Buhler invites further work on redefining the set of actors/preferences we should worry about. This post is a direct response to that invitation.

What kind of scenarios involving malevolent actors are we talking about here?

This area is mostly concerned with misuse risk scenarios, where a malevolent actor[1] is able to direct an AGI towards their own aims[2]. Here are some examples:

  • China independently develops AGI and uses it to permanently lock-in their ideological beliefs, prevent outside influence and fend off dissidents.
  • Using espionage, blackmailing and corruption, the Russian government gains access to key parts of an AGI architecture. In fear of losing a war, they develop and fine-tune it to launch an aggressive hail-mary attack on the world.
  • A doomsday cult hacks an AI lab to steal an AGI and uses it to destroy the world.
  • A member of a radical nationalist group in Europe successfully infiltrates a top AI lab, gains access to an AGI still in development, and uses it to launch an attack on a Middle Eastern state, increasing the chance of starting a world war.

Note here the key difference between these malevolent-actor-type scenarios and other x-risk scenarios: in these cases, there isn’t a misalignment between the actor’s intentions and the AI’s actions. The AI does what the actor intended. And yet, the result is an existential catastrophe, or moving significantly closer to one. 

To break these examples down, we can see four underlying components necessary in any malevolent-actor scenario: Actor, preference (RCP), method of accessing AGI, resulting outcome
 

ExampleActorPreferenceLikely method of accessing AGI[3]Outcome
1Chinese state governmentSocialism with Chinese characteristicsBuilds itValue lock-in (nationally)
2RussiaWin a warEspionage, blackmailing and corruptionGlobal destruction
3Doomsday cultExtinctionHackingExtinction
4Nationalist terrorist groupDestruction of a nationInfiltrationLarge scale destruction, increased global destabilisation

Many current governance proposals help with the category of scenarios we’re talking about. But different proposals help in different amounts. So if prioritising between different proposals, and if designing broader governance institutions, the likelihood of different scenarios in this category should be taken into account.

 

Factors of malevolent actors

If we want to propose governance mechanisms, we need to know which methods of AGI acquisition are most likely to take place.

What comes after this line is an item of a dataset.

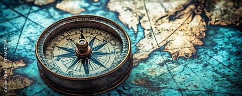 A detailed compass rests on a vintage and worn map

To know that, we need to know which actors are most “dangerous”. To assess this “dangerousness”, we propose focusing on three underlying factors:

  • Preferences: What do these actors want, and, if they got what they wanted, how much closer would that take us to catastrophic outcomes?
  • Willingness to act on preferences: How willing they are to take action to achieve those preferences, especially using extreme methods (e.g. damaging property, harming people, destabilising society)?
  • Resources: What resources do they have at their disposal to develop or deploy AI models, such as talent, money or AI components? 

Let's start with preferences, specifically focusing on what we call "risk-conducive preferences" – these are preferences that, if realised, increase the likelihood of unfavourable outcomes. We'll dive into this concept in more detail later on.

But preferences alone don't paint the full picture. Many individuals hold extreme views but have no intention to act on them. On the other hand, groups with similar views who have a history of causing destruction, like terrorist groups or doomsday cults, might be of higher concern. This means the "willingness to act disruptively” is another critical factor to consider.

The third crucial factor is their access to resources. This can change the quickest out of these three factors. For instance, a small extremist group might receive financial backing from a billionaire or a nation-state. Alternatively, they may gain access to a powerful AGI overnight through a successful infiltration operation. Also note the effect of Moore's law and algorithmic efficiency gains on resource needs. This means we can't solely focus on malicious actors with existing substantial financial resources.

So, if we map out actors and rank them by these three factors, we get a preliminary assessment of their “dangerousness”. This, in turn, gives us a clearer picture of which scenarios are more likely to unfold, and which governance mechanisms are most relevant to prevent these scenarios from happening.

 

Risk-conducive preferences (RCPs)

Here we go into more detail about one factor of the dangerousness of actors: their preferences.

We’re concerned with actors who would prefer some kind of world state that increases the chance of x-risk. They could achieve this state by using or creating an AGI that shares some of their preferences[4][5]. This could be a preference for global extinction, a preference for the destruction of some group, or perhaps an overly strong preference to win elections. 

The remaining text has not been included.